Remember the Decision, Not the Description: A Rate-Distortion Framework for Agent Memory
Researchers propose DeMem, a decision-centric memory framework that optimizes agent memory allocation based on preserving distinctions needed for sound decision-making rather than descriptive accuracy. Using rate-distortion theory, the approach identifies what information can be safely forgotten under memory constraints and demonstrates performance gains on long-horizon language agent tasks.

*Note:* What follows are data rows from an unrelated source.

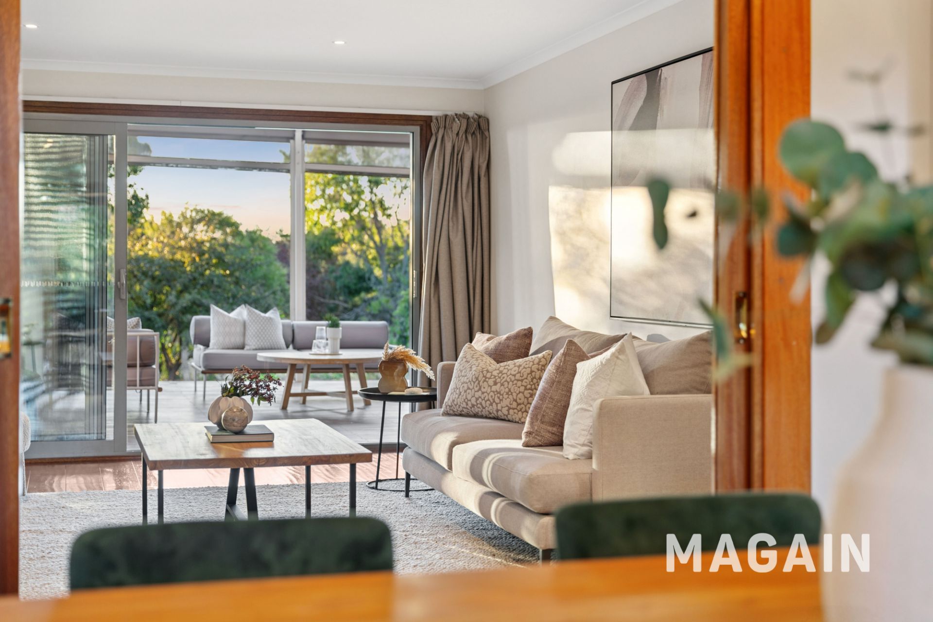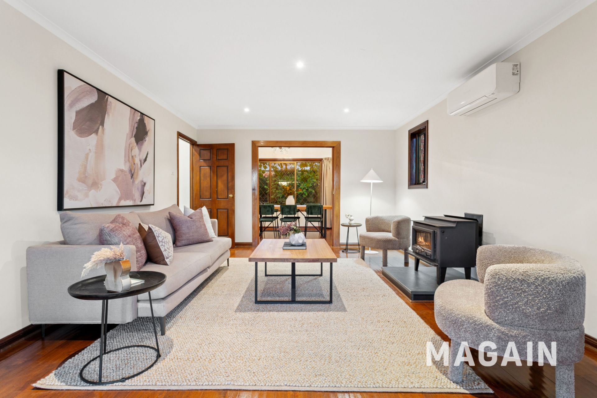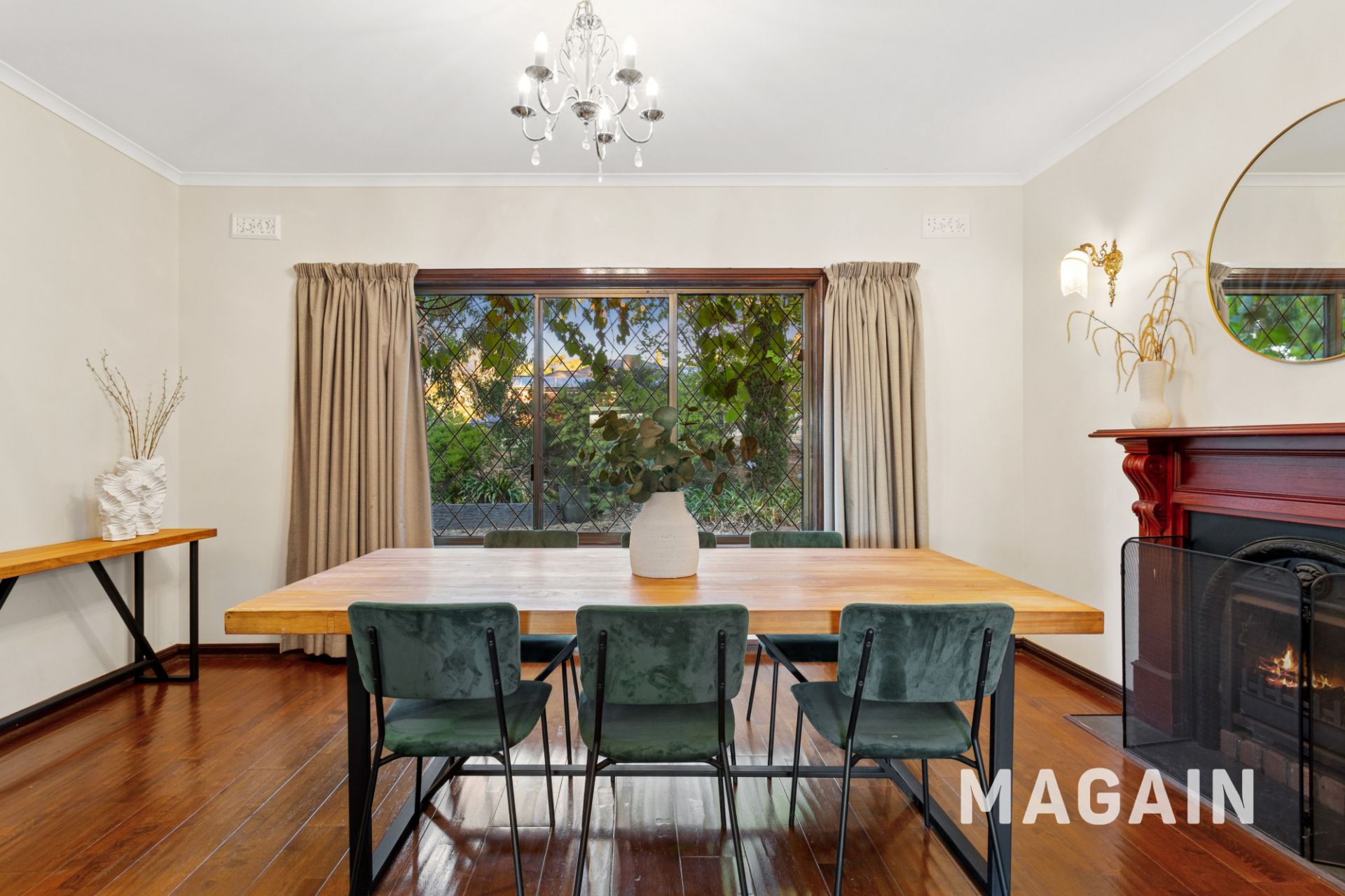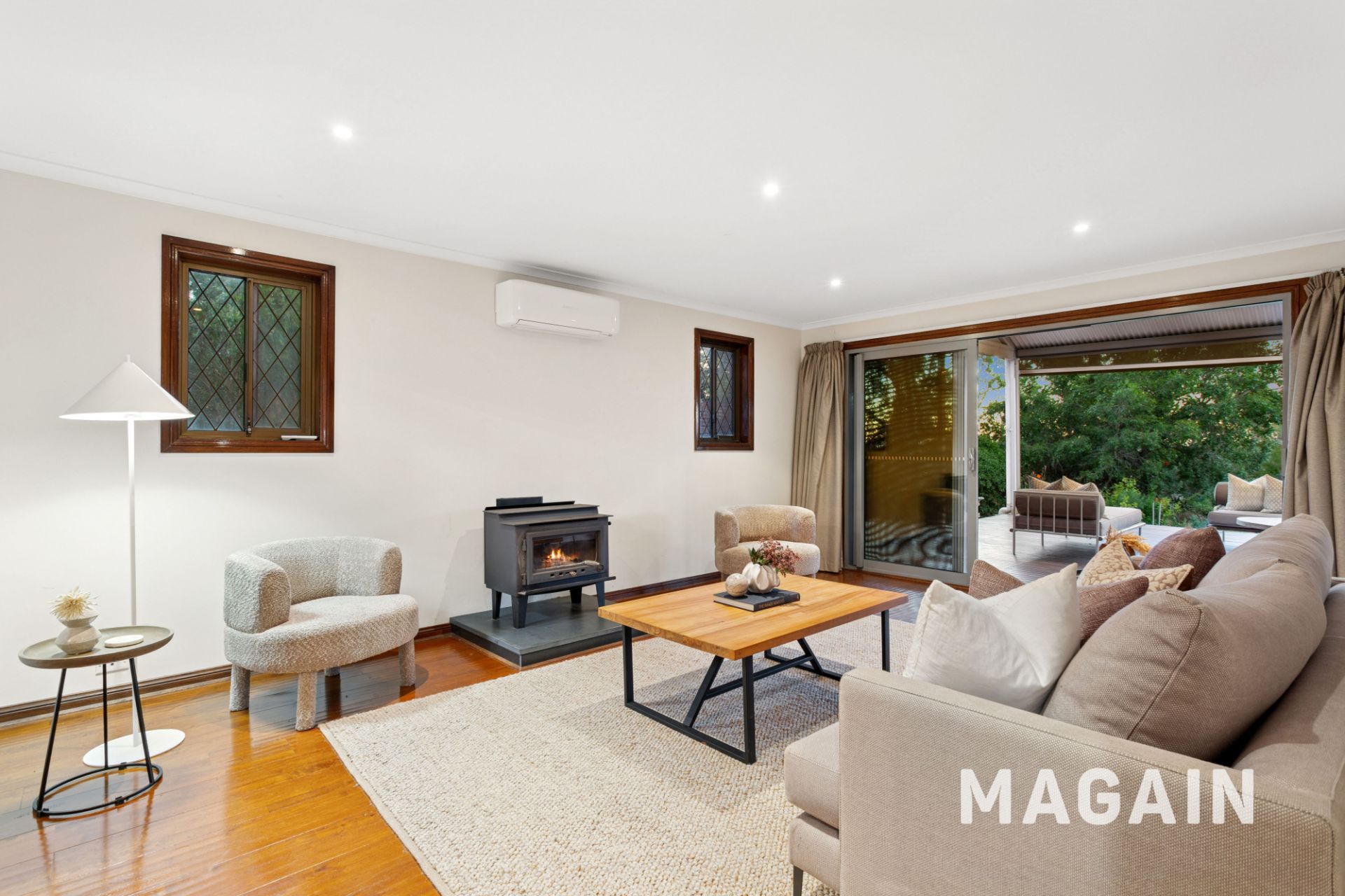 Step inside via a vine covered porch to the entry foyer, this provides access to the home's separate downstairs living zones. The formal dining and adjoining formal living room showcase hard timber floors, a cosy open fireplace and a slow combustion heater, creating a warm and inviting atmosphere. There are sliding stacker doors that open out to the rear deck and entertaining area from this living area which is impressive.
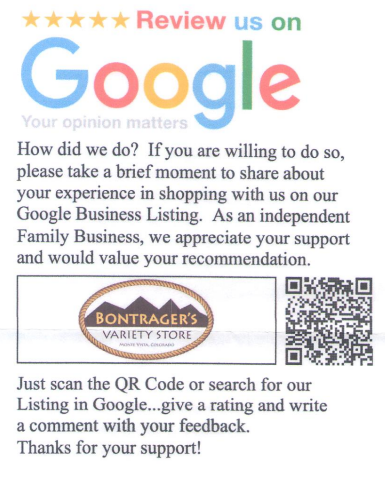 Family owned and operated, Bontrager’s Variety Store is a one-stop shopping destination that has customers returning, again and again, whenever they are in Monte Vista Colorado area.
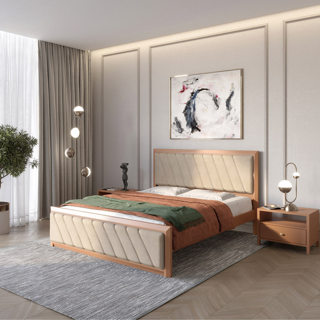 Односпальне дерев'яне ліжко Mebigrand Барселона Б6 Коричневий (RAL8025)/Аляска 23 (Бежевий) 90х190 см (MBG-13334)
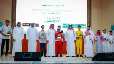 وكرّم “عقدي” الطلاب المتميزين في الأنشطة الطلابية لعام 1444هـ؛ حيث تم تكريم الفائزين في مسابقة القرآن الكريم والسنة النبوية وعددهم 10 طلاب، والفائزين في مسابقة موهوب وعددهم 7 طلاب، والفائزين في مسابقة بيبراس وعددهم 25 طالبًا، والفائزين في مسابقة كانجارو وعددهم 17 فائزًا، والفائزين بالمركز الأول على مستوى المملكة في العرض الأدائي في أولمبياد اللغة الإنجليزية وعددهم 6 طلاب، والحاصلين على المركز الأول على مستوى الإدارة في أولمبياد اللغة الإنجليزية وعددهم 6، والحاصلين على المركز الأول في الروبوت وعددهم 3 طلاب، والمتميزين في مسابقة الإلقاء وعددهم 22 طالبًا.
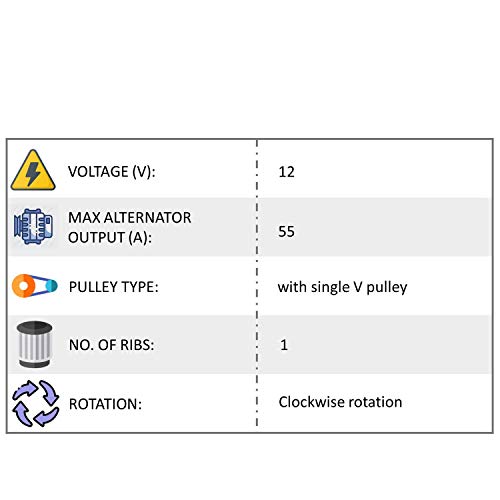 〔SPECIFICATIONS〕 Product Type: Alternator ◦ Condition: New ◦ Voltage: 12V ◦ Amperage: 55A ◦ Rotation: CW ◦ Regulator/Fan: IR/IF ◦ Plug Code: 282 ◦ Pulley Class: V1 ◦ Mounting Hardware Included: No ◦ Number of Pieces: 1

This research addresses a fundamental challenge in deploying language agents at scale: managing memory efficiently when computational budgets are fixed. Traditional memory systems prioritize descriptive metrics like relevance or salience, assuming that faithful representations of past events drive better decisions. The authors invert this assumption, arguing that memory's true value lies in maintaining distinctions between different histories that could lead to divergent decision outcomes. By framing memory management as a rate-distortion problem—a concept borrowed from information theory—the team establishes theoretical bounds on what information must be retained versus what can be safely discarded without degrading decision quality.
The practical contribution, DeMem, implements this theory through an online learning algorithm that dynamically refines its memory partitions only when new data indicate that merging states would create decision conflicts. This targeted approach contrasts with existing methods that continuously compress or summarize experiences, often losing critical distinctions. The framework comes with theoretical guarantees on regret, suggesting the approach scales reliably as agent complexity increases.
For the AI industry, this work has significant implications. Long-horizon agents deployed in real systems—from conversational AI to autonomous planning—operate under strict memory constraints due to latency and cost considerations. Current methods often sacrifice decision quality to stay within budgets. DeMem's decision-centric approach could enable agents to maintain performance while using less memory, directly reducing inference costs and improving response times. The research also provides a principled foundation for memory design, moving beyond heuristic compression schemes toward theoretically grounded optimization.
- →Memory should preserve decision-critical distinctions rather than accurately describing past events.
- →DeMem achieves consistent performance gains over existing methods under identical memory budgets on conversational benchmarks.
- →Rate-distortion theory provides an exact boundary for safe forgetting and optimal memory-decision quality tradeoffs.
- →The approach scales to long-horizon tasks where traditional memory mechanisms struggle with budget constraints.
- →Decision-centric memory design could reduce inference costs and improve latency for deployed language agents.